→ Task
The copy should hold exactly the lines below from the one that contains "管理画面の「設定」メニューの中の「WP to Twitter」メニューをクリックして下さい。" through the one that contains "Bean 配置信息定义了 Bean" and nothing else, so no pictures.

→ Recorded data
=== Begin Enclosure ===

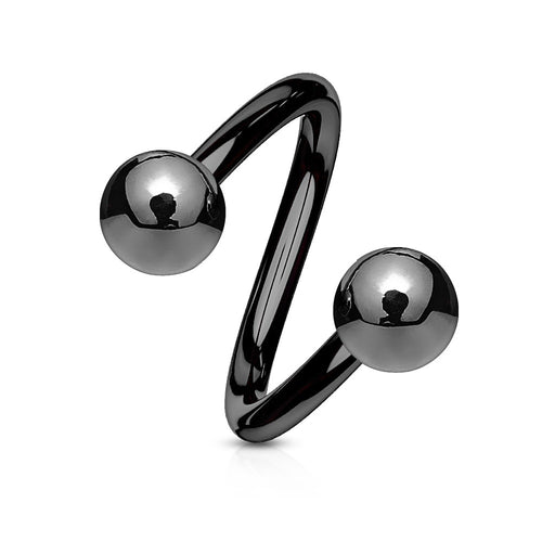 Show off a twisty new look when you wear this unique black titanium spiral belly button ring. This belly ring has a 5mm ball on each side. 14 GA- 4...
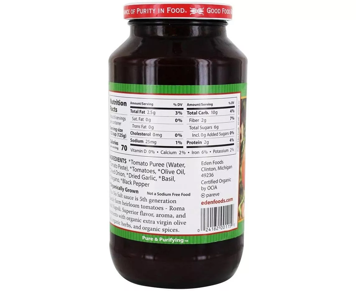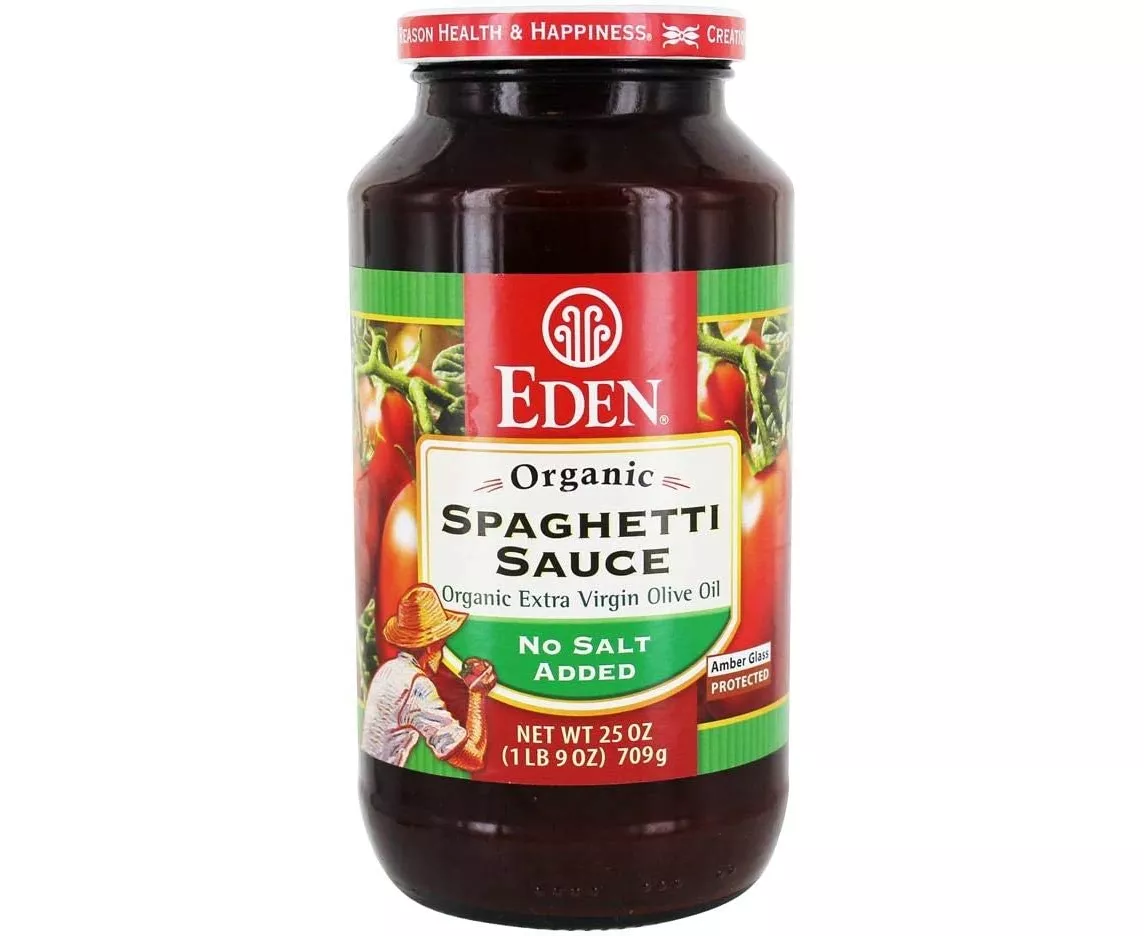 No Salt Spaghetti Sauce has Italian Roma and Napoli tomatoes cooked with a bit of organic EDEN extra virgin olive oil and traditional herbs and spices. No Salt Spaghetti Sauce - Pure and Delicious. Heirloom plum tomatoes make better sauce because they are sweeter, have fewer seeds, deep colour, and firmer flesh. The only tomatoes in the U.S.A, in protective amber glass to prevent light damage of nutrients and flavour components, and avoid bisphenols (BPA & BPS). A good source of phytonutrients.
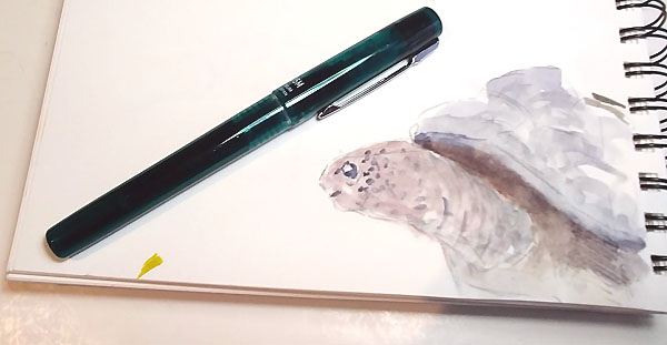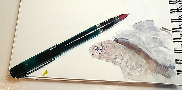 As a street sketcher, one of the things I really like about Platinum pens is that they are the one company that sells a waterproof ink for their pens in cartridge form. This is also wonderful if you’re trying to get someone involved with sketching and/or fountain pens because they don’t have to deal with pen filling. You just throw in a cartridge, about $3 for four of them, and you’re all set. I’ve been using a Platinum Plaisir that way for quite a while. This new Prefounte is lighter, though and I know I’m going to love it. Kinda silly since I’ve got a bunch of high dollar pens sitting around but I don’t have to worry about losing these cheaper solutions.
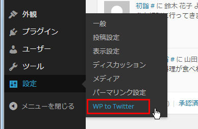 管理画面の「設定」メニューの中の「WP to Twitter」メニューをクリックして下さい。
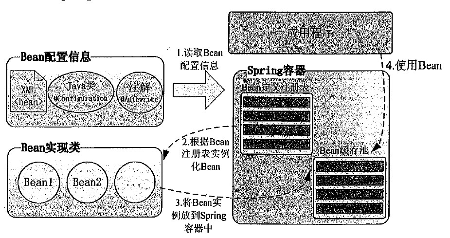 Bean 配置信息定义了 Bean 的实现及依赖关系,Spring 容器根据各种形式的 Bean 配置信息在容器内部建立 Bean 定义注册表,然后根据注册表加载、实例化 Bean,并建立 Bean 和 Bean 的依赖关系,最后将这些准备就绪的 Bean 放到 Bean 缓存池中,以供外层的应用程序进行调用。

=== End Enclosure ===
=== Begin Enclosure ===

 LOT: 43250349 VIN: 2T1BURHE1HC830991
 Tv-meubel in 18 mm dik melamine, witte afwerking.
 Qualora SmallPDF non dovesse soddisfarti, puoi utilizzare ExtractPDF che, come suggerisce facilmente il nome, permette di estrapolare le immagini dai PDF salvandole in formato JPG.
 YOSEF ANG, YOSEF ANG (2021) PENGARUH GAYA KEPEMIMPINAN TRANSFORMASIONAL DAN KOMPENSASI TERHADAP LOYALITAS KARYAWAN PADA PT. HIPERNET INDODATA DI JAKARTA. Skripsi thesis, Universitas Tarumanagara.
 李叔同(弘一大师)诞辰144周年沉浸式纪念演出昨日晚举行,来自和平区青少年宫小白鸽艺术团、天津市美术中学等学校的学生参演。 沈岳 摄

=== End Enclosure ===

→ Solution to the problem
 管理画面の「設定」メニューの中の「WP to Twitter」メニューをクリックして下さい。
 Bean 配置信息定义了 Bean 的实现及依赖关系,Spring 容器根据各种形式的 Bean 配置信息在容器内部建立 Bean 定义注册表,然后根据注册表加载、实例化 Bean,并建立 Bean 和 Bean 的依赖关系,最后将这些准备就绪的 Bean 放到 Bean 缓存池中,以供外层的应用程序进行调用。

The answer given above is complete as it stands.